Data segment:
------------------------------------------------------------
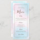 Utskrivbar Watercolor Rosa Teal Silver Confetti Bröllop-meny finns digitalt tillgänglig och tryckt. En bakgrund av vattenfärgsblått och nyp ihop med silver konetti stänk ge.. dessa menykort känns som en sommar! Den bruna typografin är lätt att personlig till dina egna detaljer och den vita delen av bakgrunden och färgen kan ändras om du så önskar via Redigera ytterligare alternativ. Pastellfärgerna och silver stänk fortsätter på baksidan.
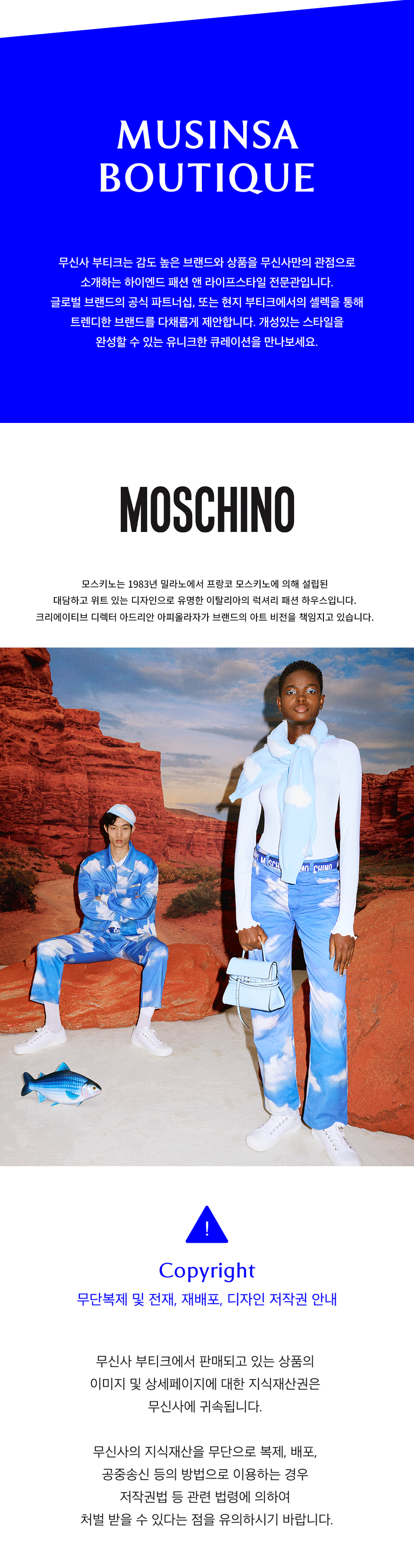 모스키노(MOSCHINO)는 1983년 밀라노에서 프랑코 모스키노에 의해 설립되었으며, 대담하고 위트 있는 디자인으로 유명한 이탈리아의 럭셔리 패션하우스입니다. 모스키노는 Alberta Ferretti, Philosophy di Lorenzo Srafini, Pollini가 포함된 Aeffe Group 산하에서 여성복 레디 투 웨어, 남성복, 액세서리 컬렉션을 선보입니다.
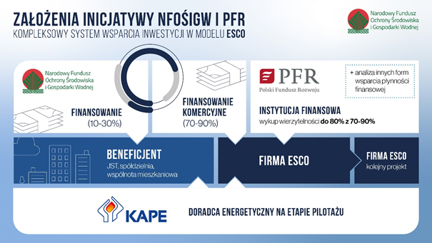 Pilotażowy program jest realizowany we współpracy pomiędzy Narodowym Funduszem Ochrony Środowiska i Gospodarki Wodnej oraz Polskim Funduszem Rozwoju (PFR), którego rola ma polegać na umożliwieniu pozyskania przez przedsiębiorstwo ESCO finansowania w formie wykupu wierzytelności lub w innej, alternatywnej formie.
------------------------------------------------------------
While leaving pictures out, reproduce exactly the lines from the beginning of the listing above through the line containing "모스키노(MOSCHINO)는 1983년 밀라노에서", both ends included.

Answer:
 Utskrivbar Watercolor Rosa Teal Silver Confetti Bröllop-meny finns digitalt tillgänglig och tryckt. En bakgrund av vattenfärgsblått och nyp ihop med silver konetti stänk ge.. dessa menykort känns som en sommar! Den bruna typografin är lätt att personlig till dina egna detaljer och den vita delen av bakgrunden och färgen kan ändras om du så önskar via Redigera ytterligare alternativ. Pastellfärgerna och silver stänk fortsätter på baksidan.
 모스키노(MOSCHINO)는 1983년 밀라노에서 프랑코 모스키노에 의해 설립되었으며, 대담하고 위트 있는 디자인으로 유명한 이탈리아의 럭셔리 패션하우스입니다. 모스키노는 Alberta Ferretti, Philosophy di Lorenzo Srafini, Pollini가 포함된 Aeffe Group 산하에서 여성복 레디 투 웨어, 남성복, 액세서리 컬렉션을 선보입니다.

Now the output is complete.